There is more than one downside...
Which one is more likely to cause a medical issue if the participant is truly unfit? What is meant by "high intensity"? Is it the suggestion of this article that I should get on a bike and pedal as hard as I can for one minute, rest for one minute, and repeat for 20 minutes? Not smart. There is so much information missing here and so many variables not discussed.
I would love to see studies to see if this translates to weightlifting as well, not just cardio.
But what about weight loss?
Isn't it better to do "slow and low"? (low intensity for longer periods of time)
I'VE KNOWN THAT FOR AT LEAST THE 40 YEARS I'VE BEEN DOING EXERCISES.... NEVER MORE THAN 20 – 30 MINUTES A DAY AND I STILL HAVE THE 46 – 32 – 36 INCHES ON A 6' 4" FRAME I HAD WHEN I WAS 20 YEARS OLD........OF COURSE EATING PROPERLY DOES MATTER..... IT'S CALORIES IN CALORIES OUT.... ANY DOCTOR WILL TELL YOU AT NO COST...... DIETS ARE SCAMS FOR LAZY.

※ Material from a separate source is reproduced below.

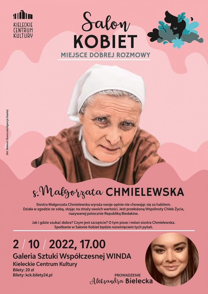 Siostra Małgorzata Chmielewska wyraża swoje opinie nie chowając się za habitem. Działa w zgodzie ze sobą, stojąc na straży swoich wartości. Jest przełożoną Wspólnoty Chleb Życia, nazywanej potocznie Republiką Biedaków. Jak i gdzie szukać dobra? Czym jest szczęście? O tym pisze i mówi siostra Chmielewska. Spotkanie w Salonie Kobiet będzie rozwinięciem tych pytań.*******

I work out for 40-45 min 3 days week. I don't have an exercise bike. I wish they would discuss other high intensity exercises that you could do without exercise equipment. I mean, i can fast high knees or quick jump roping for more than a minute just fine but i'm not sure if that's, "intense" enough. What about doing the squat in place or air chair for a minute. That really burns. Is that considered intense?
This IS nothing new. For the general fitness population, interval training as an alternative to steady-state endurance training has been around for quite a while. As usual, the fitness research community lags about 10 years behind those working in the field.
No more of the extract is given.